- Title card
- Directed by: John Boulting
- Written by: John Boulting; Terence Rattigan;
- Produced by: John Boulting
- Starring: Richard Attenborough; Jack Watling; Edward G. Robinson; John Justin; David Tomlinson;
- Cinematography: Harry Waxman
- Edited by: Reginald Beck
- Music by: Gordon Jacob
- Distributed by: RKO Pictures
- Release dates: 1 October 1945 (UK); 3 March 1946 (U.S.);
- Running time: 95 minutes (UK version); 80 minutes (U.S. version);
- Country: United Kingdom
- Language: English

= Journey Together =

1945 war drama film by John Boulting

Journey Together is a 1945 British drama war film directed by John Boulting and starring Richard Attenborough, Jack Watling, John Justin and Edward G. Robinson. It was Boulting's film directorial debut. The film was produced by the Royal Air Force Film Production Unit. Dramatist Terence Rattigan, then a Royal Air Force Flight Lieutenant, was posted in 1943 to the RAF Film Production Unit to work on The Way to the Stars and Journey Together.

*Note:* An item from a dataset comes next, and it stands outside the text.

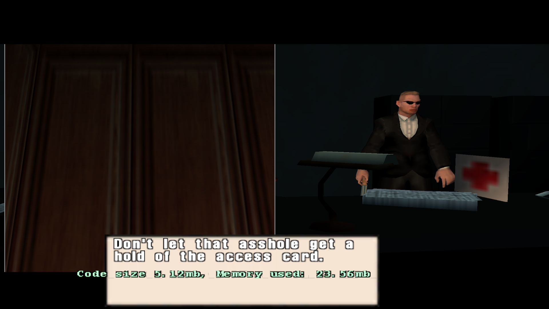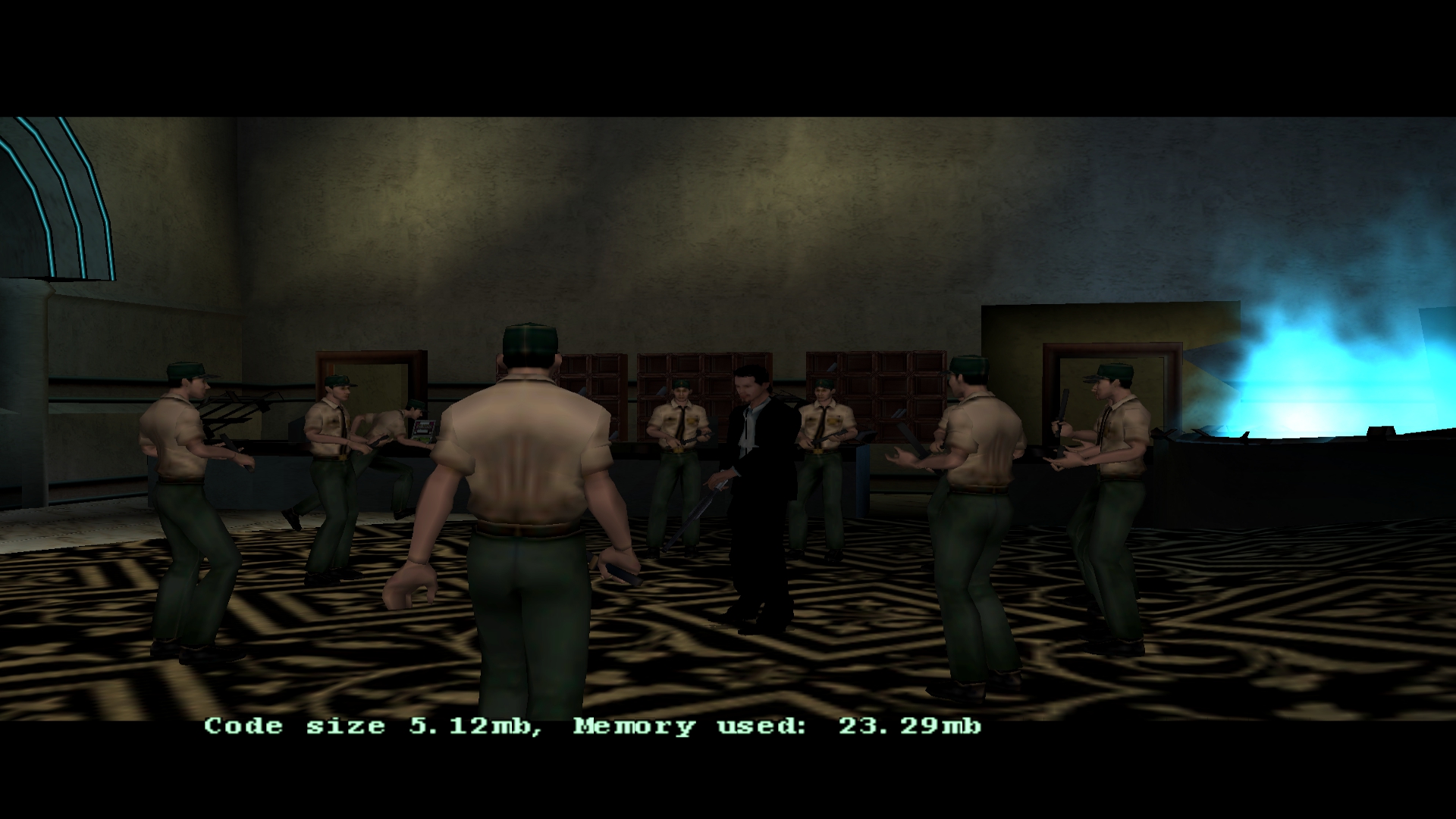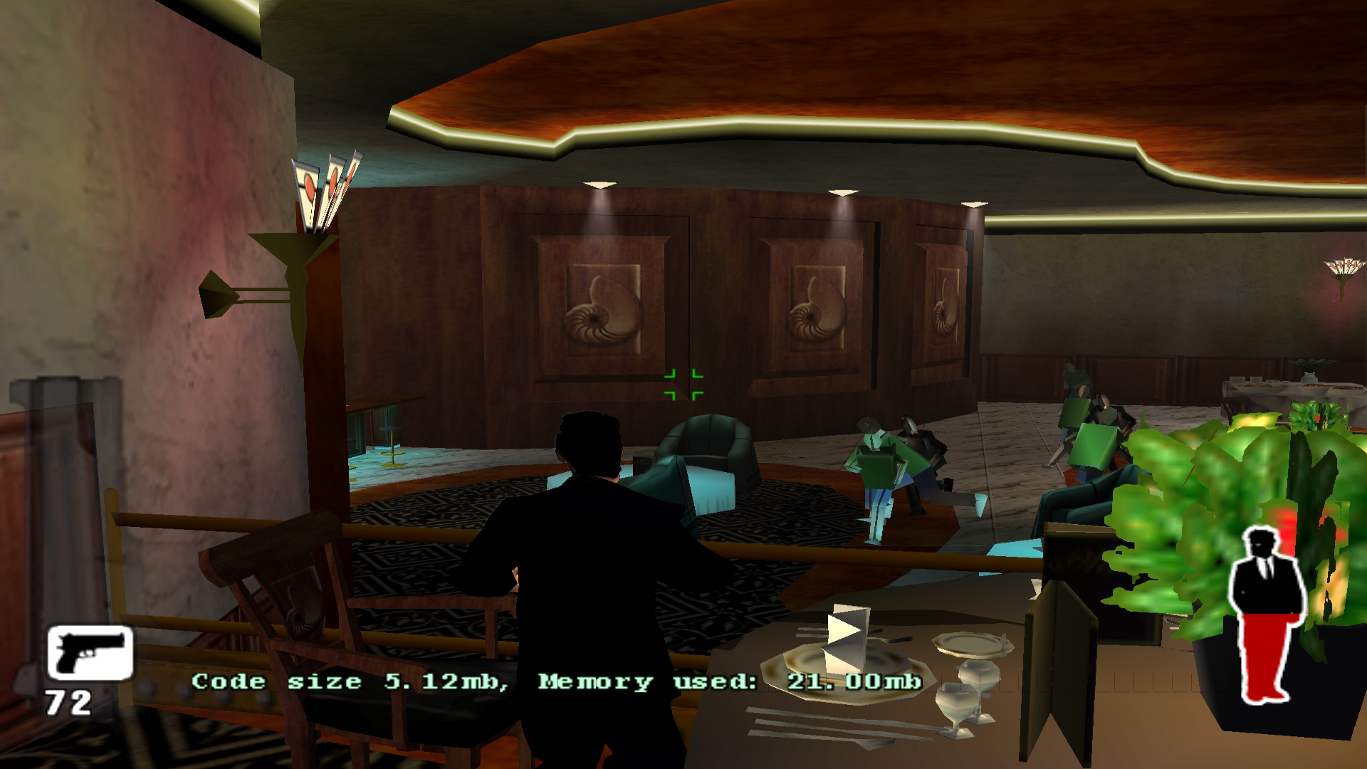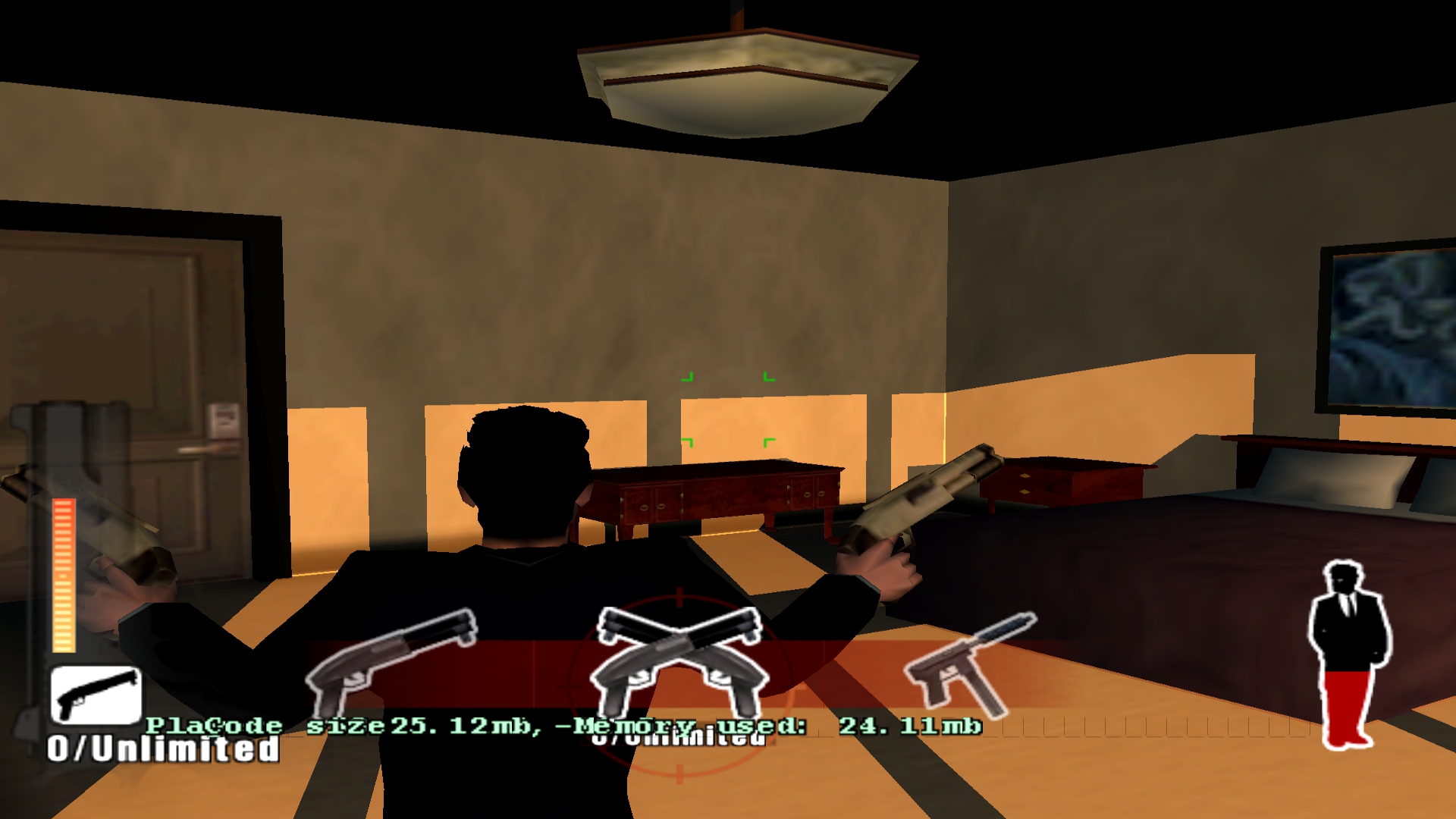 Честным путём пройти данную демо-версию нельзя, необходимо использовать отладочное меню. Но даже с этой хитростью игру растянуть не выйдет, всё заканчивается на верхних этажах здания, в котором находилось казино. Враг убегает в лифт и всё, для нас это конец.

The story revolves around two RAF aircrew cadets, played by Attenborough and Watling, while Robinson and Justin play the instructors for the fledgling pilots. In the story, two Englishmen become friends while serving with the Royal Air Force, ending with a bombing raid on Berlin. The plot emphasises the importance of team work in a bomber crew and the important role of the navigator.

== Plot ==
Two RAF aircrew cadets, David Wilton and John Aynesworth, become friends. A friendly rivalry develops between the two when they both enter pilot training and it ends in a bet over who will become the better pilot. They pass their initial training and are sent to the British Flying Training School, at Falcon Field in Mesa, Arizona in the United States for more advanced instruction. Once there, it becomes clear that Wilton, while he is otherwise a good pilot, cannot land a plane properly. Wilton is devastated and the feeling worsens when he sees that Aynesworth is a natural pilot. While Aynesworth proceeds with his pilot's training, Wilton is sent to Canada to be trained as a navigator instead.

Wilton turns out to be a good navigator but he shows no enthusiasm for his training. Then, on a practice flight, the pilot, who is also one of the instructors and is aware of his attitude, secretly simulates an emergency situation to show Wilton the importance of the role of the navigator. After graduating, Wilton is posted to a squadron in Britain but his reputation has followed him. Eventually, he replaces an injured navigator on Aynesworth's flight crew on a bombing operation but their welcome is lukewarm. As they complete the bombing mission, the plane is hit and begins to lose fuel; when they have to ditch in the North Sea, Wilton must demonstrate everything he has learned and quickly communicate their position to base. It turns out that he has perfectly calculated their position and the rescue plane easily finds them. The crew decide they would like to keep him.

== Production ==
The opening credits state that the film was "Written, Produced, Directed, Photographed, and Acted by members of the Royal Air Force". The closing cast list also includes other Allied services personnel.

Richard Attenborough, the picture's lead, was 22 years old at the time of filming.

== Reception ==
According to Kinematograph Weekly, the film performed well at the British box office in 1945.